#### [Problem description]
Transcribe the data as written, minus images.
*** Opening Working data ***
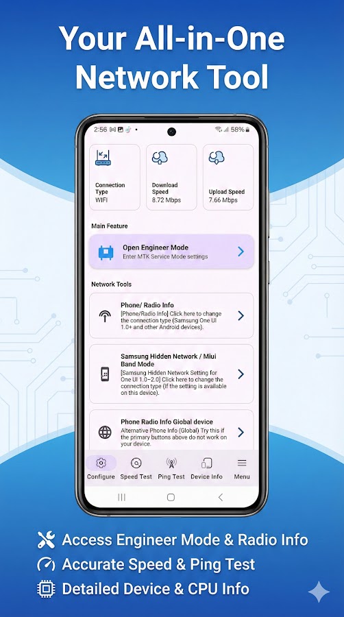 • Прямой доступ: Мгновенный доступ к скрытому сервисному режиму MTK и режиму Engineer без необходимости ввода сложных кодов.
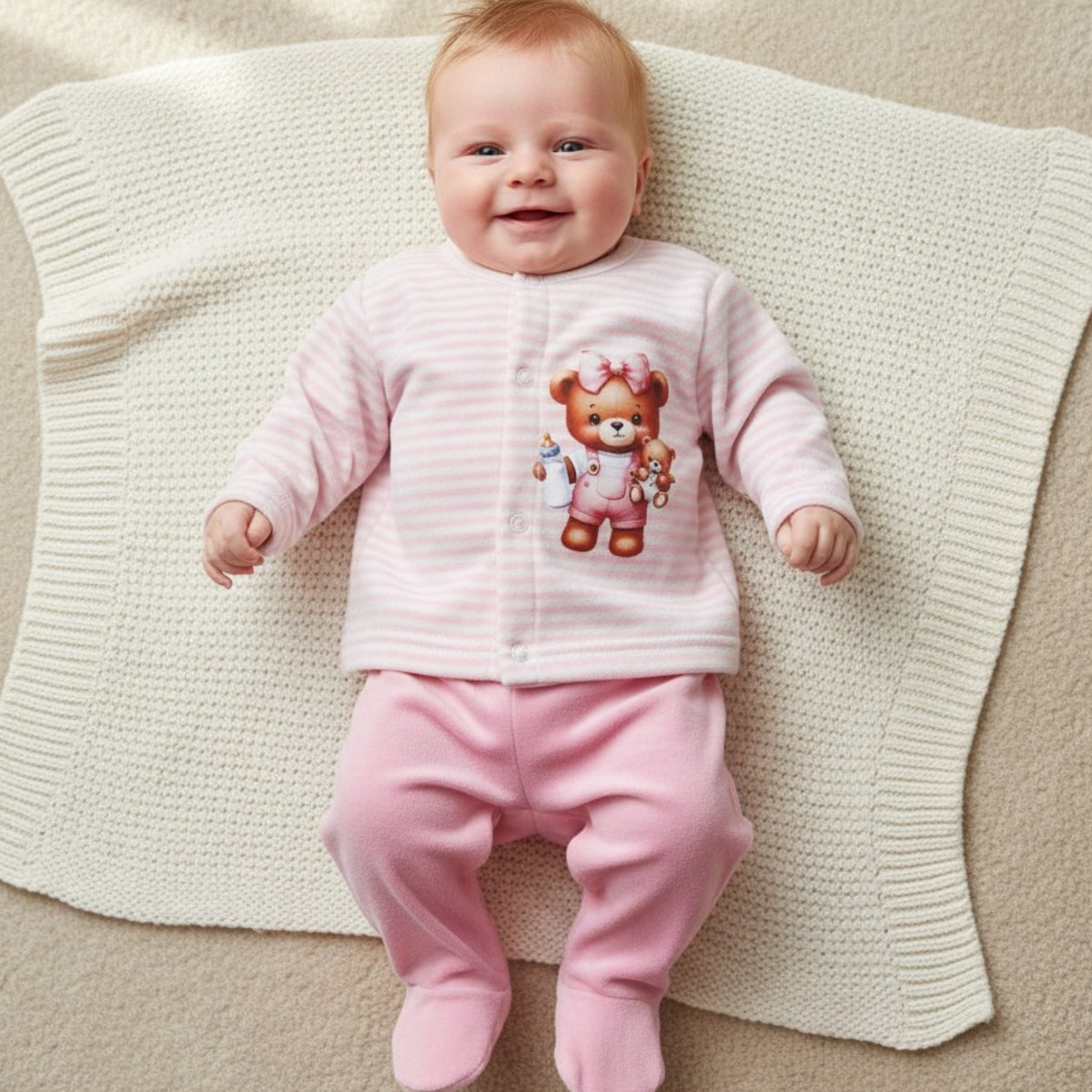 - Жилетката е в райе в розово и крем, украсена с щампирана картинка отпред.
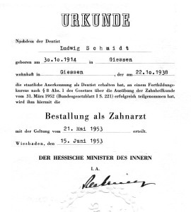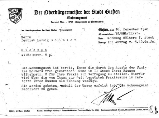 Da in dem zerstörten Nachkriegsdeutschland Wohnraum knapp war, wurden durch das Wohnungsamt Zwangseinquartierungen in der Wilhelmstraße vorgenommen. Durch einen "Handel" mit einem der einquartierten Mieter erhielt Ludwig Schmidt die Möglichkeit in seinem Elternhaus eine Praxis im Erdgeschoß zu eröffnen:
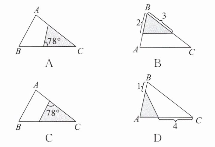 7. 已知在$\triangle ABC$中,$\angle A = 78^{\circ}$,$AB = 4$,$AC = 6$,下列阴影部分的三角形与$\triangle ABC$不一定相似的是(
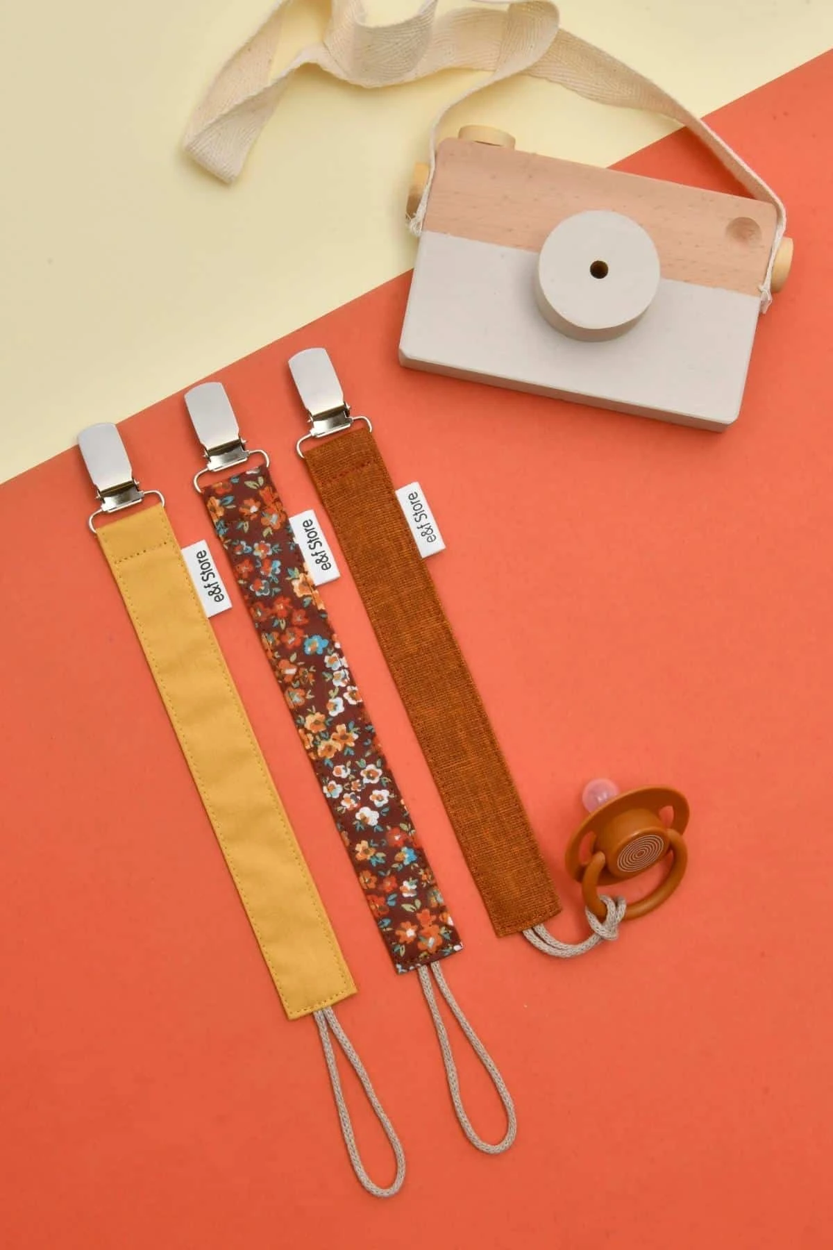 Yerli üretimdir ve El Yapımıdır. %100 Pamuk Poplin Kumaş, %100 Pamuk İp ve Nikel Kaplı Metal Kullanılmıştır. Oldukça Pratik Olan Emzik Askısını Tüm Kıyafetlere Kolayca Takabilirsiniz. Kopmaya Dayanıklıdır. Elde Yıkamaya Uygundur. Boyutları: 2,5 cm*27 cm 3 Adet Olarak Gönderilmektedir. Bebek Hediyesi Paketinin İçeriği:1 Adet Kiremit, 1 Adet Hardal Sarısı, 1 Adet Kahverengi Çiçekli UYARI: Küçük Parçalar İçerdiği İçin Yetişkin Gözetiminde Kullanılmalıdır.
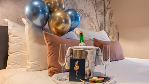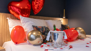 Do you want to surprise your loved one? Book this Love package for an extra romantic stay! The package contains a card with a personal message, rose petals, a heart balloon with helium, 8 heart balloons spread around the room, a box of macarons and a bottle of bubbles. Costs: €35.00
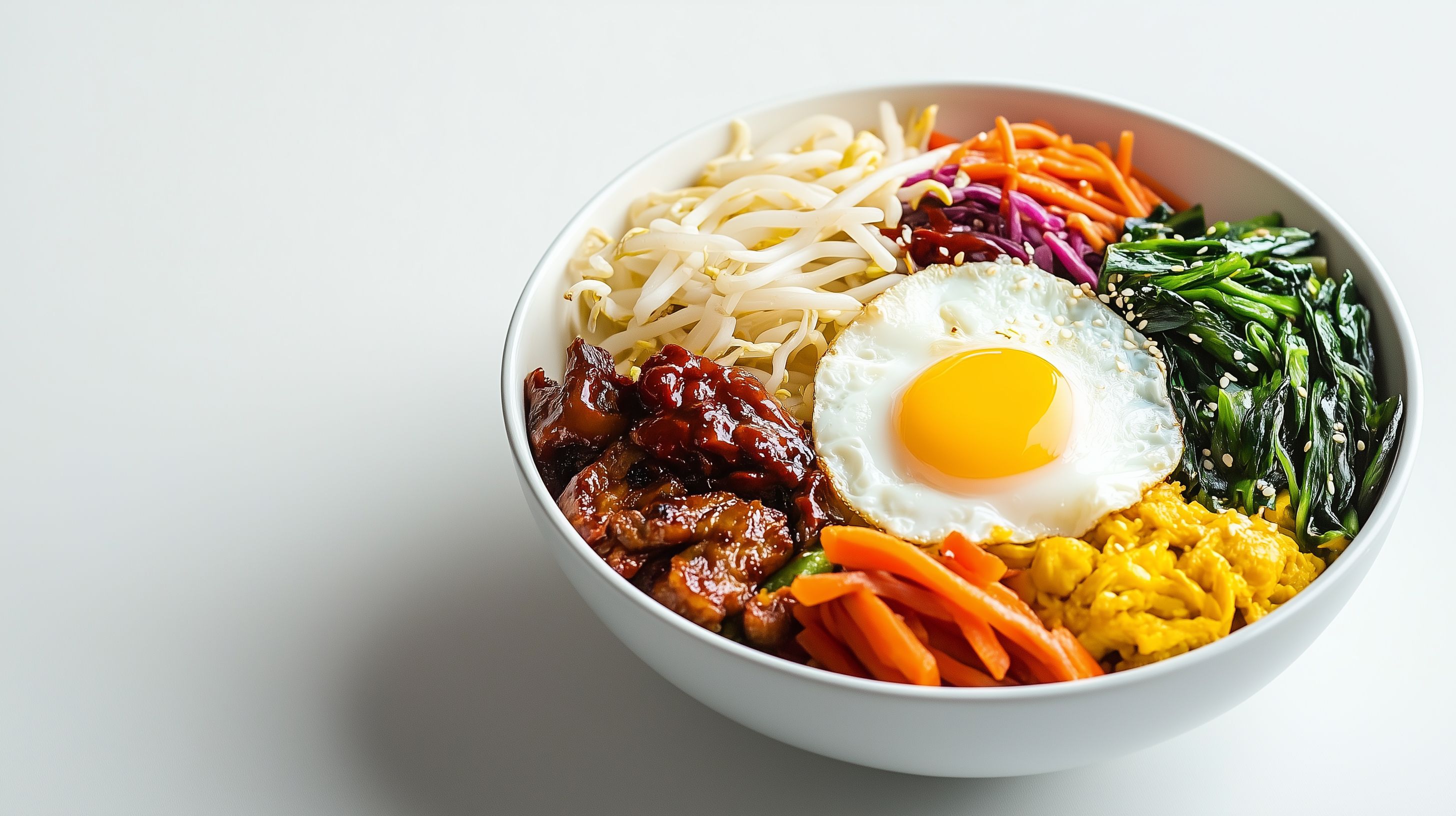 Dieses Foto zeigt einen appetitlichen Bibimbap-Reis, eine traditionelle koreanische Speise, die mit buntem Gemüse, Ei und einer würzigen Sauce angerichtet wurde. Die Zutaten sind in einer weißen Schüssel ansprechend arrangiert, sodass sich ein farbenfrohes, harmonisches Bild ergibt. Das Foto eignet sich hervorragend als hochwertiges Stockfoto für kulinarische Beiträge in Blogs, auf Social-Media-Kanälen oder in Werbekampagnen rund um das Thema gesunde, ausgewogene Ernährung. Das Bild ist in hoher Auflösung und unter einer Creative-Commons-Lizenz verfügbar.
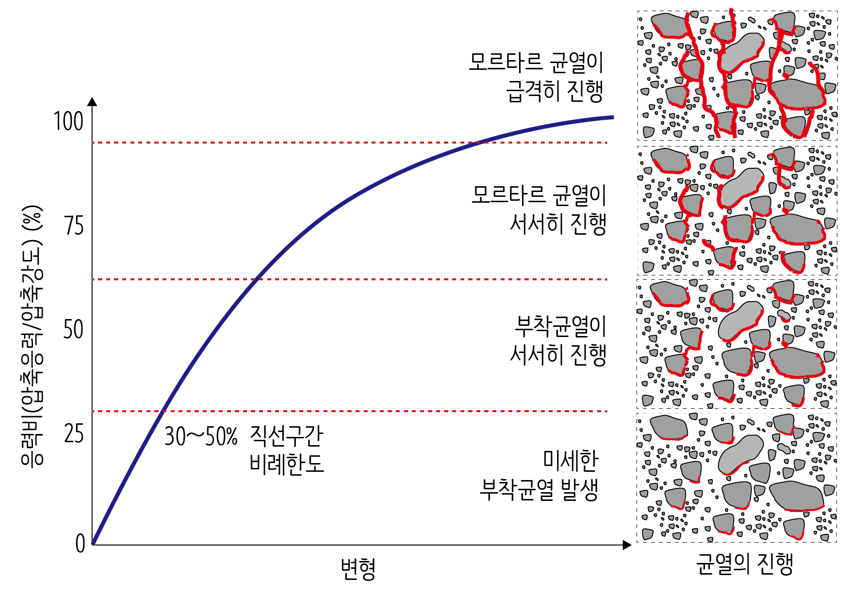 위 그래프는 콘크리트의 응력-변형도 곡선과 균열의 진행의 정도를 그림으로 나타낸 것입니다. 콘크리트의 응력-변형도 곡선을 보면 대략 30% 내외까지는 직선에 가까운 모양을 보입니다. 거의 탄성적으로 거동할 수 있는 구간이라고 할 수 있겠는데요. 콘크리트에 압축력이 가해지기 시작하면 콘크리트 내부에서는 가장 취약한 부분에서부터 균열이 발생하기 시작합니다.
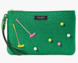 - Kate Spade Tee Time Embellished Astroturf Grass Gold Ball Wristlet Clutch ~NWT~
*** Closing Working data ***
#### [Answer section]
 • Прямой доступ: Мгновенный доступ к скрытому сервисному режиму MTK и режиму Engineer без необходимости ввода сложных кодов.
 - Жилетката е в райе в розово и крем, украсена с щампирана картинка отпред.
 Da in dem zerstörten Nachkriegsdeutschland Wohnraum knapp war, wurden durch das Wohnungsamt Zwangseinquartierungen in der Wilhelmstraße vorgenommen. Durch einen "Handel" mit einem der einquartierten Mieter erhielt Ludwig Schmidt die Möglichkeit in seinem Elternhaus eine Praxis im Erdgeschoß zu eröffnen:
 7. 已知在$\triangle ABC$中,$\angle A = 78^{\circ}$,$AB = 4$,$AC = 6$,下列阴影部分的三角形与$\triangle ABC$不一定相似的是(
 Yerli üretimdir ve El Yapımıdır. %100 Pamuk Poplin Kumaş, %100 Pamuk İp ve Nikel Kaplı Metal Kullanılmıştır. Oldukça Pratik Olan Emzik Askısını Tüm Kıyafetlere Kolayca Takabilirsiniz. Kopmaya Dayanıklıdır. Elde Yıkamaya Uygundur. Boyutları: 2,5 cm*27 cm 3 Adet Olarak Gönderilmektedir. Bebek Hediyesi Paketinin İçeriği:1 Adet Kiremit, 1 Adet Hardal Sarısı, 1 Adet Kahverengi Çiçekli UYARI: Küçük Parçalar İçerdiği İçin Yetişkin Gözetiminde Kullanılmalıdır.
 Do you want to surprise your loved one? Book this Love package for an extra romantic stay! The package contains a card with a personal message, rose petals, a heart balloon with helium, 8 heart balloons spread around the room, a box of macarons and a bottle of bubbles. Costs: €35.00
 Dieses Foto zeigt einen appetitlichen Bibimbap-Reis, eine traditionelle koreanische Speise, die mit buntem Gemüse, Ei und einer würzigen Sauce angerichtet wurde. Die Zutaten sind in einer weißen Schüssel ansprechend arrangiert, sodass sich ein farbenfrohes, harmonisches Bild ergibt. Das Foto eignet sich hervorragend als hochwertiges Stockfoto für kulinarische Beiträge in Blogs, auf Social-Media-Kanälen oder in Werbekampagnen rund um das Thema gesunde, ausgewogene Ernährung. Das Bild ist in hoher Auflösung und unter einer Creative-Commons-Lizenz verfügbar.
 위 그래프는 콘크리트의 응력-변형도 곡선과 균열의 진행의 정도를 그림으로 나타낸 것입니다. 콘크리트의 응력-변형도 곡선을 보면 대략 30% 내외까지는 직선에 가까운 모양을 보입니다. 거의 탄성적으로 거동할 수 있는 구간이라고 할 수 있겠는데요. 콘크리트에 압축력이 가해지기 시작하면 콘크리트 내부에서는 가장 취약한 부분에서부터 균열이 발생하기 시작합니다.
 - Kate Spade Tee Time Embellished Astroturf Grass Gold Ball Wristlet Clutch ~NWT~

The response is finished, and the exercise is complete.